Posted by: Ryan | June 23, 2003 11:43 PM
its the drivers. it is probably the motherboard drivers specifically, though it may be video or other primary hardware. but to me it sounds like the motherboards front side bus driver. here is what i would do, i would go into the mobo bios and turn as much off as possible, i would change everything that i could from autodetect to the precise setting (you will need the manual), turn off particularly the auto assigning of interrupts, you probably don't need more than 15 and they can be assigned pretty easily. once those are turned off, reboot and reinstall the mobo drivers with the newest mcsoft versions, then see how stable it is. i used to have to do this to an occasionally flakey mobo that i had, but then it would be stable.
if it were me, i'd just put linux on it, and if i needed windows, and i wouldn't, but you might, i'd install it on a vmware virtual machine under linux. it'd be useable.
Posted by: jeremy hunsinger | June 23, 2003 11:46 PM
I was going to guess power too.
Posted by: chip | June 23, 2003 11:46 PM
you can run the mobo diagnostics to see if the power supply is fluctuating significantly. if you have a 220 or 250 and a bunch of new internals, the gentleman above could be right, but i too suspect that it should have been tested already.

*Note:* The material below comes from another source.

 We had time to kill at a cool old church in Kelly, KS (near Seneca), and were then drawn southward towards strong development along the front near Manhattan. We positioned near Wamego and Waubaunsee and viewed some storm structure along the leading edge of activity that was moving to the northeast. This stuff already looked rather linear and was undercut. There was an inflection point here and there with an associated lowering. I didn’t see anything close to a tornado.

Posted by: jeremy hunsinger | June 23, 2003 11:48 PM
Same hard drive as before? Did you have the HD tested? Yeah, yeah, SOP and all that, but I've had similar problems in the past, sent the computer in for repairs, got it back, still having problems, went through the process three or four times only to find out that the morons at tech support never once checked the HD for problems despite the fact they listed it as one of the things they did the first time they looked at the system.
Another possibility... you said things were running great up until "I'm rebuilding my directories from my backups". Perhaps you've got a virus lurking in your backups?

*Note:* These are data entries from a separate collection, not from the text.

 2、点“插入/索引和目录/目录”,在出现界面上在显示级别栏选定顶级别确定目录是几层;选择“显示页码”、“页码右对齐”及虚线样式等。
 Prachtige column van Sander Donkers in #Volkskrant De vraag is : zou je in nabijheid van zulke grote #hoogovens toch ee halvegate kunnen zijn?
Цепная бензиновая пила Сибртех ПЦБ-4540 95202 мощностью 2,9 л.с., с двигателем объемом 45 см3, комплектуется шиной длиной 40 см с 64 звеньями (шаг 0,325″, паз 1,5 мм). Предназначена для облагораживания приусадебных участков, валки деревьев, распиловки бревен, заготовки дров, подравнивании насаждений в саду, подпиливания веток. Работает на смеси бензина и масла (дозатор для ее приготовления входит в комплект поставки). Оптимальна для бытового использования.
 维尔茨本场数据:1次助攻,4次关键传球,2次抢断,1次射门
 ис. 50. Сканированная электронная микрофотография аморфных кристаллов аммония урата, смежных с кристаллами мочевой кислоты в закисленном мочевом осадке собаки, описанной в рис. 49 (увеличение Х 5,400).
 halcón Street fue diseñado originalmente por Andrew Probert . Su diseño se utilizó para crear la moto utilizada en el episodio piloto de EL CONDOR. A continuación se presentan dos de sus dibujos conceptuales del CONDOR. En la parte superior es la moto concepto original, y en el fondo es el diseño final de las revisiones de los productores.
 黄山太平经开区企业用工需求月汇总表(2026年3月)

Posted by: James Snell | June 24, 2003 12:27 AM
My brother had a similar issue and it was a USB hub. DO you have a hub? If so, can you connect minimal stuff w/o it? Make sure your usb peripherals are good.
Posted by: Howard Greenstein | June 24, 2003 03:13 PM
Have you tried running Linux on the box?
I'm not advocating a permanent switch, or trying to Strike a Blow against The Monster. It's just that a different OS will exercise the box differently, and the intersection of the behaviors may give your shop more information to go on.

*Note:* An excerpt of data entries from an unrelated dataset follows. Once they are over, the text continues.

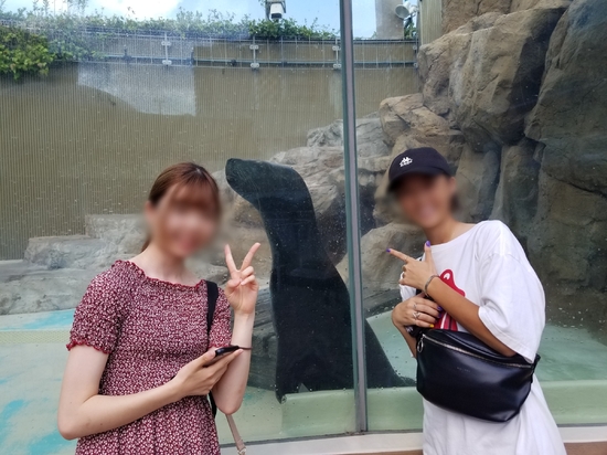 飼育員のお姉さんに、スリーショットが撮れるようにしてもらったり!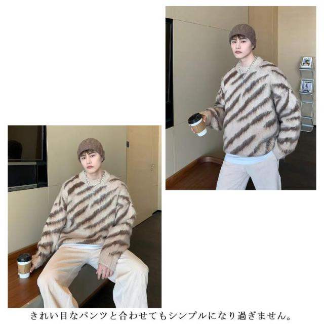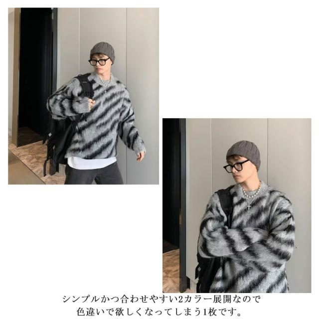 冬服 セーター メンズ シャギーニット 長袖 秋服 ニット トップス オーバーサイズ 大きなサイズ ビッグシルエット あったか ふんわり ドロップショルダー 男性 カジュアル 韓国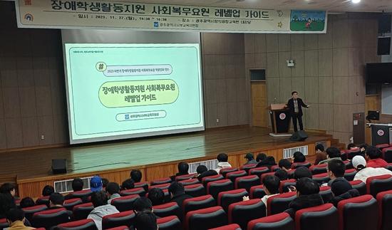 광주서부교육지원청이 지난 27일 광주창의융합교육원 대강당에서 2023학년도 하반기 장애학생활동지원 사회복무요원 역량강화 연수를 실시했다.

If you don't want to commit the hard drive to Linux, try the Knoppix CD (http://www.knopper.net/knoppix/index-en.html).
No installation, no mess, no fuss.
Posted by: Jeff Licquia | June 24, 2003 03:15 PM
Hmm. Thanks to everyone for the advice and ideas.
I don't have an external USB plugged in, but the mobo has 8 usb ports as standard issue. The driver is up to date.
I do have a knoppix CD. I think I will try it out.